» **SUPPLIED ENTRIES**:

══════════════════════════════

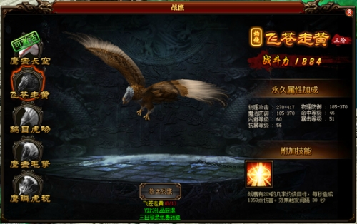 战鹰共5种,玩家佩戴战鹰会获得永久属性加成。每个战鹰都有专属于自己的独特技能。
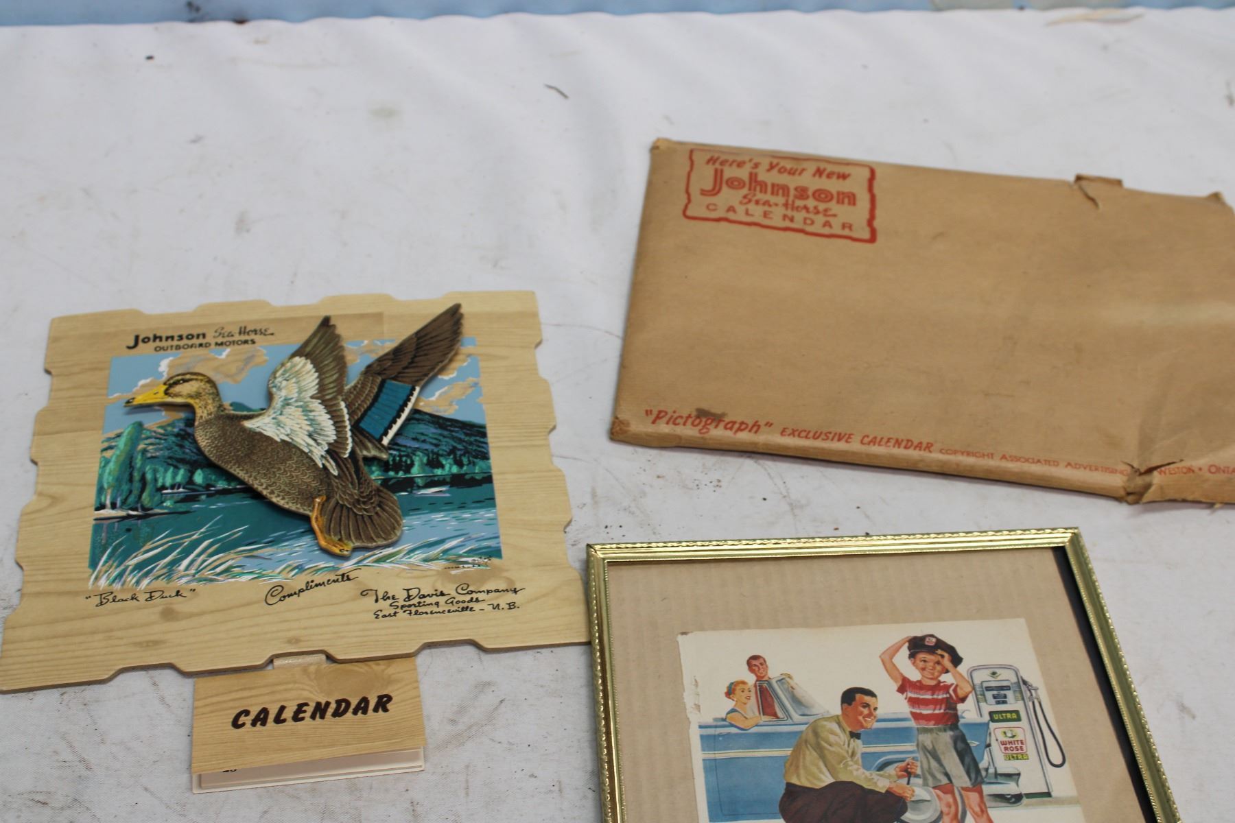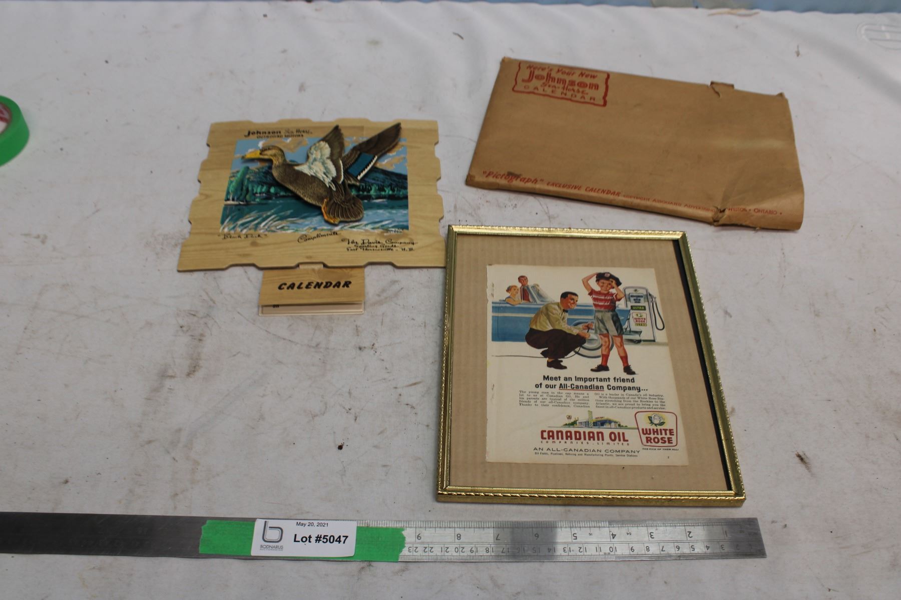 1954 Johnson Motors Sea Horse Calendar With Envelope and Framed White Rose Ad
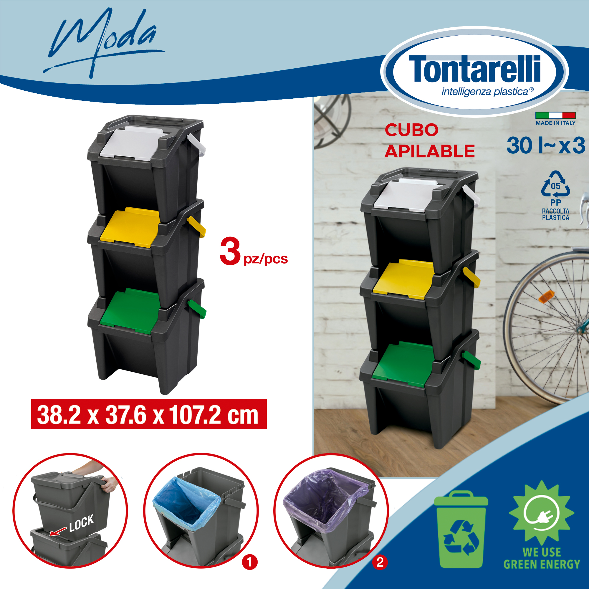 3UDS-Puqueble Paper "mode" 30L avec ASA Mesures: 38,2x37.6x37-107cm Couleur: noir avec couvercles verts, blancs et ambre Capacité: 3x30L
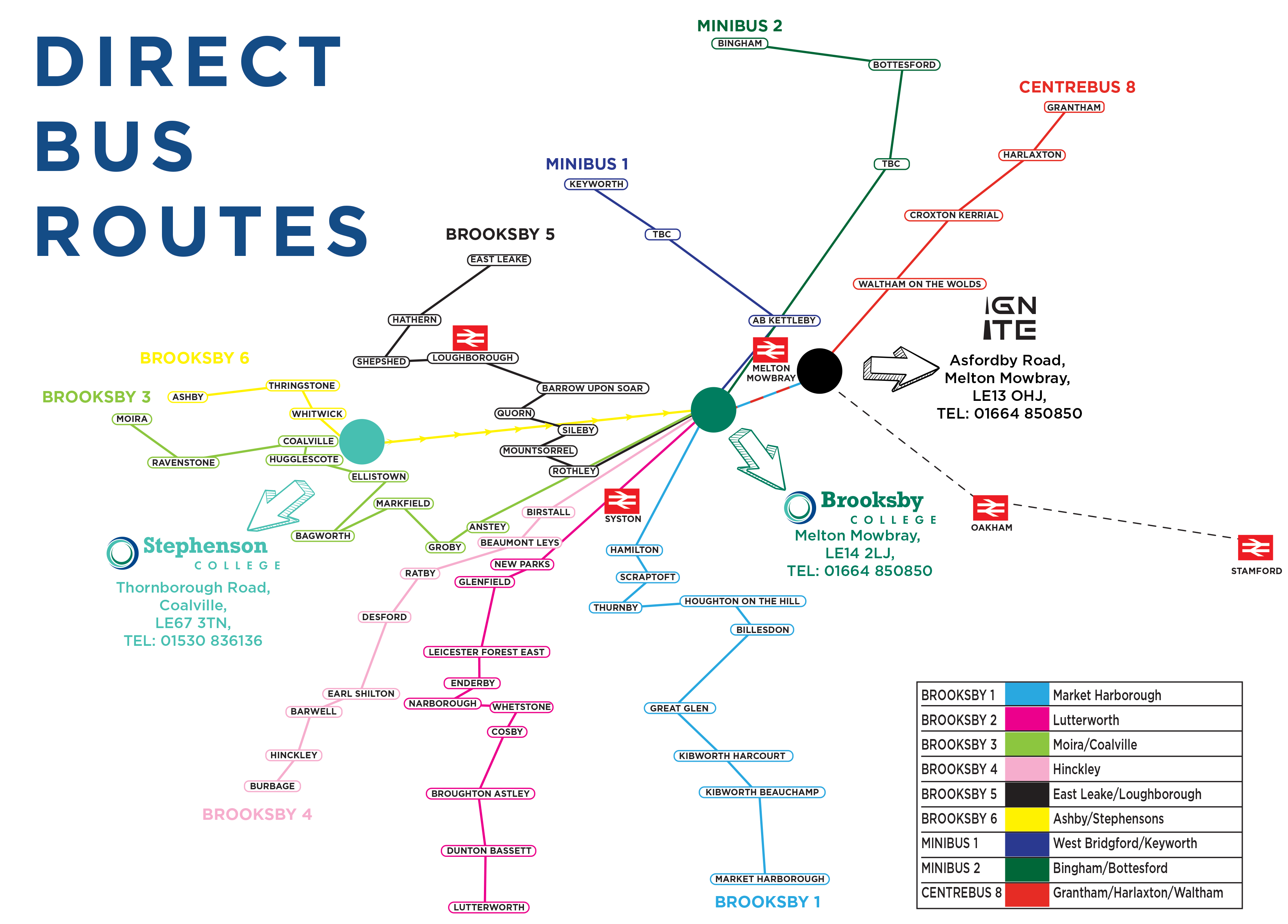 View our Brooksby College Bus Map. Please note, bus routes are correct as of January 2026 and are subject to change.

══════════════════════════════

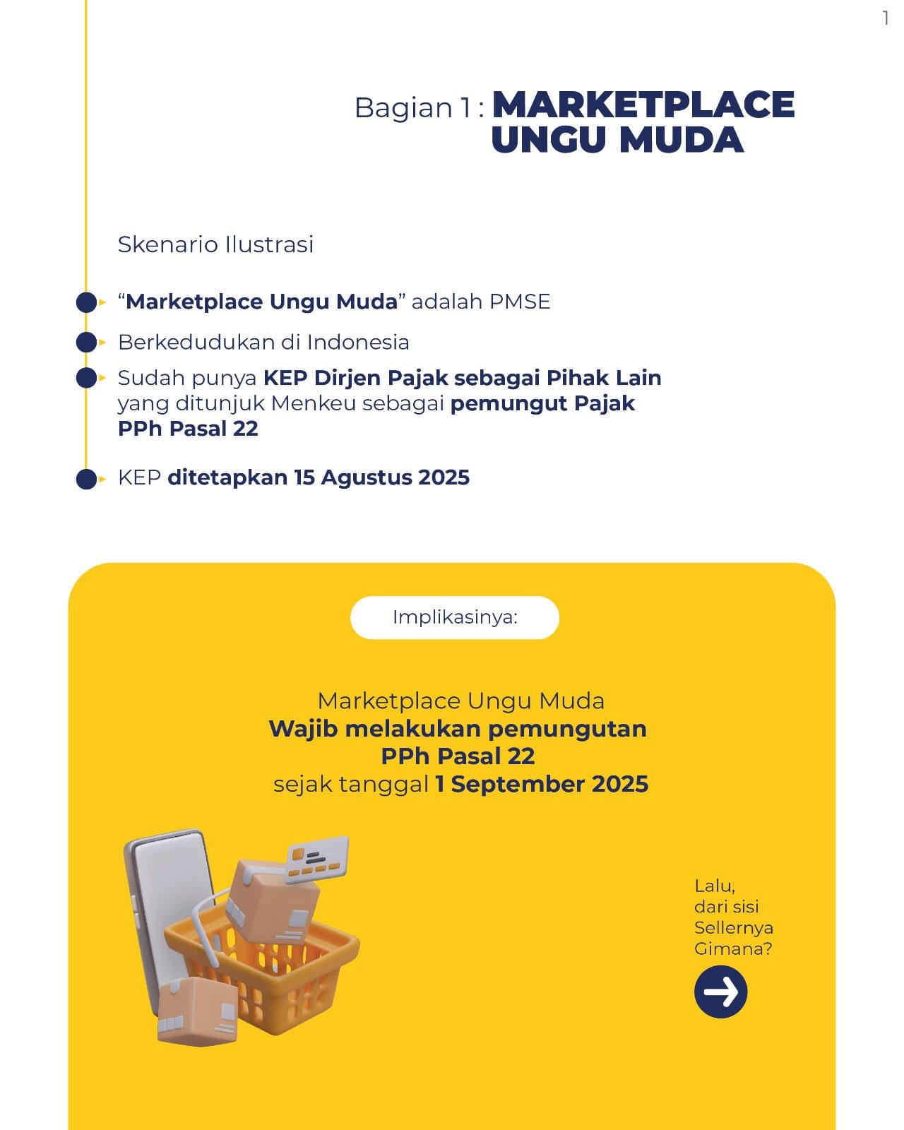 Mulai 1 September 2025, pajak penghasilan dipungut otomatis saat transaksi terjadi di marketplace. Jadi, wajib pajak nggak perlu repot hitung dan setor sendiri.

══════════════════════════════

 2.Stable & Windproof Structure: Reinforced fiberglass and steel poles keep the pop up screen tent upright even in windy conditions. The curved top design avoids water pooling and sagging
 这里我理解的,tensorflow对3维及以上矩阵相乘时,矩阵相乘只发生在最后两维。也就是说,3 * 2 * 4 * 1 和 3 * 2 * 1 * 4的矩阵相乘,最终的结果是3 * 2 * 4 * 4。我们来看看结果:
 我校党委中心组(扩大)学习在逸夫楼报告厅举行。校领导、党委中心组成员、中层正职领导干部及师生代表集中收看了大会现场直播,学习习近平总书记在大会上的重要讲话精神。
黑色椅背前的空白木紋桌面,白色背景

══════════════════════════════

» **WORK REQUIRED**:
Above are records; repeat only the lines from the line with "1954 Johnson Motors" through the line with "View our Brooksby", and leave pictures out.

» **TASK OUTPUT**:
 1954 Johnson Motors Sea Horse Calendar With Envelope and Framed White Rose Ad
 3UDS-Puqueble Paper "mode" 30L avec ASA Mesures: 38,2x37.6x37-107cm Couleur: noir avec couvercles verts, blancs et ambre Capacité: 3x30L
 View our Brooksby College Bus Map. Please note, bus routes are correct as of January 2026 and are subject to change.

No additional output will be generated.